This is a calculus homework question but in reality the problem here is understanding the algebra.
Find the Critical Numbers of f(x) = x^(3/5)(4-x)
The product rule gives -x^(3/5) + (12-3x)/(5x^(2/5)
My booklet explains that simplifying this gives you 12-8x / (5x^(2/5).
How did it get to that?
first = x^(3/5)
second = (4-x)
derivative = first derivative of second + second derivative of first
first derivative of second = x^(3/5)*-1
second derivative of first
= (4-x)[ (3/5){x^-(2/5)}
= (1/5)(12 -3x)x^-(2/5)
so
-x^(3/5) + (1/5)(12 -3x)x^-(2/5)
but x^(3/5) = x^(-2/5)x^(5/5)
that is what you missed
Thanks!
You are welcome.
To simplify the expression -x^(3/5) + (12-3x)/(5x^(2/5)), you need to find a common denominator for the two terms.
The first term, -x^(3/5), can be written as -(1/x^(2/5)).
Now, the common denominator for the two terms is x^(2/5).
So, rewriting both terms with the common denominator, you have:
-(1/x^(2/5)) + (12-3x)/(5x^(2/5))
Next, combine the two terms.
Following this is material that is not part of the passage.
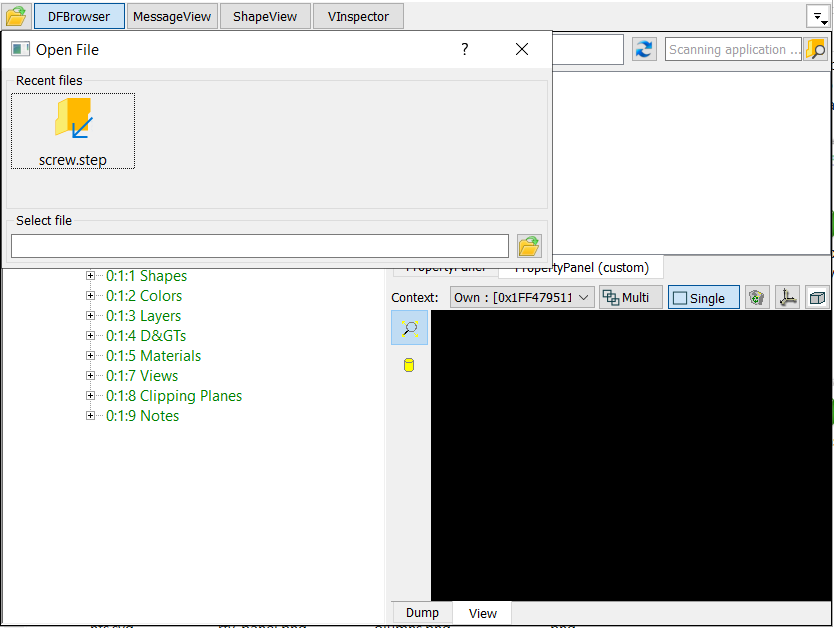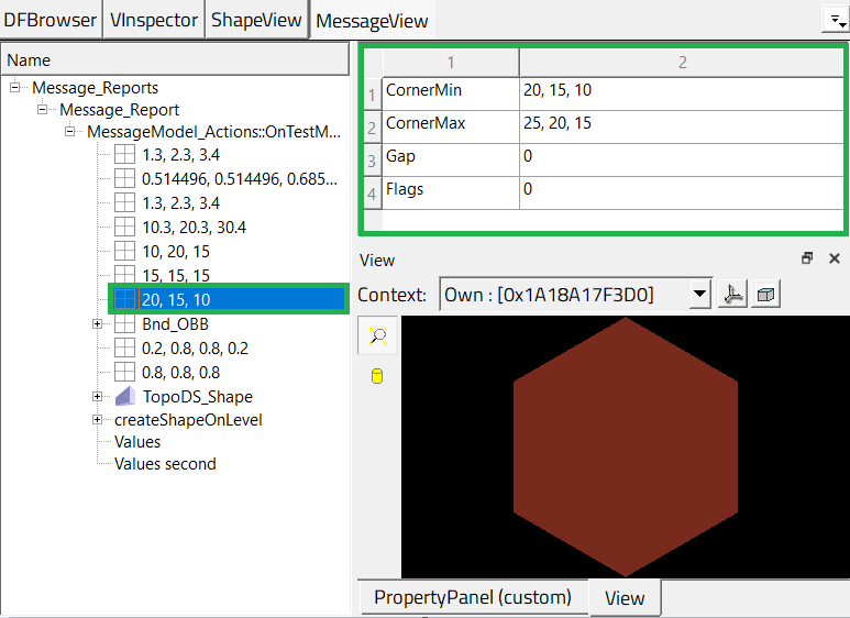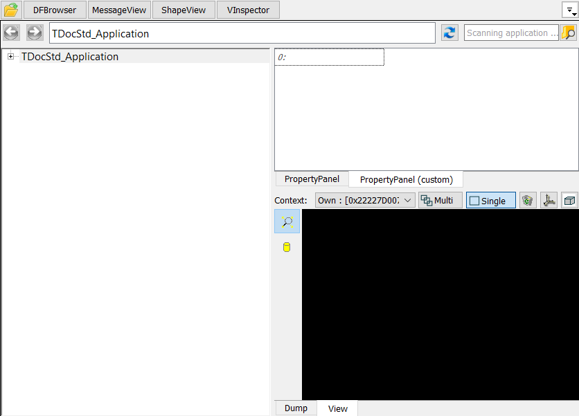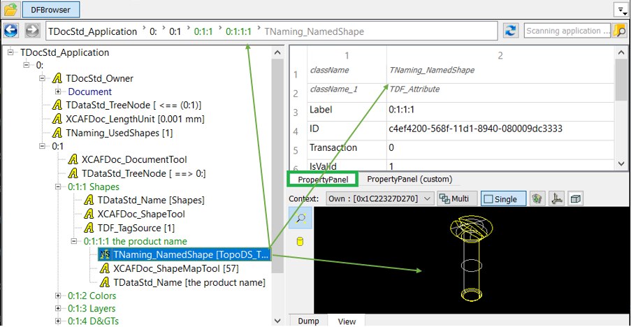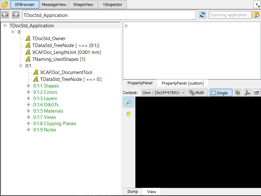Property panel is used to display the result of TDF_Attribute::Dump() or TDF_Label::Dump() of the selected tree view item. The information is shown in one table.
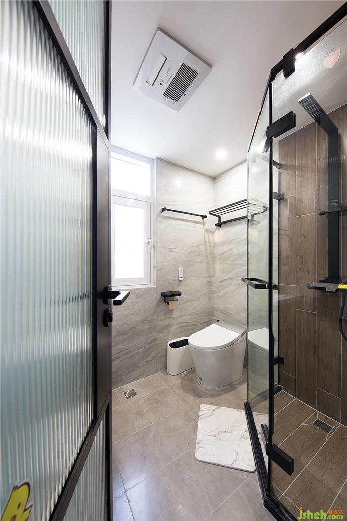 卫生间利用夹角位做了钻石型淋浴房,巧妙实现干湿分离,而墙地一体通铺的木纹砖也明显区别于其它位置的瓷砖,不仅颜值高,还极具时尚品味。

The numerators of the two terms can be added together because they have a common denominator.
Thus, you have:
(-1 + 12 - 3x)/(x^(2/5))
Simplifying the numerator, you get:
(11 - 3x)/(x^(2/5))
Finally, you can rewrite the expression with the numerator factored out:
(11 - 3x)/(x^(2/5)) = (11 - 3x)/(5x^(2/5))
Therefore, the simplification of -x^(3/5) + (12-3x)/(5x^(2/5)) is (11 - 3x)/(5x^(2/5)).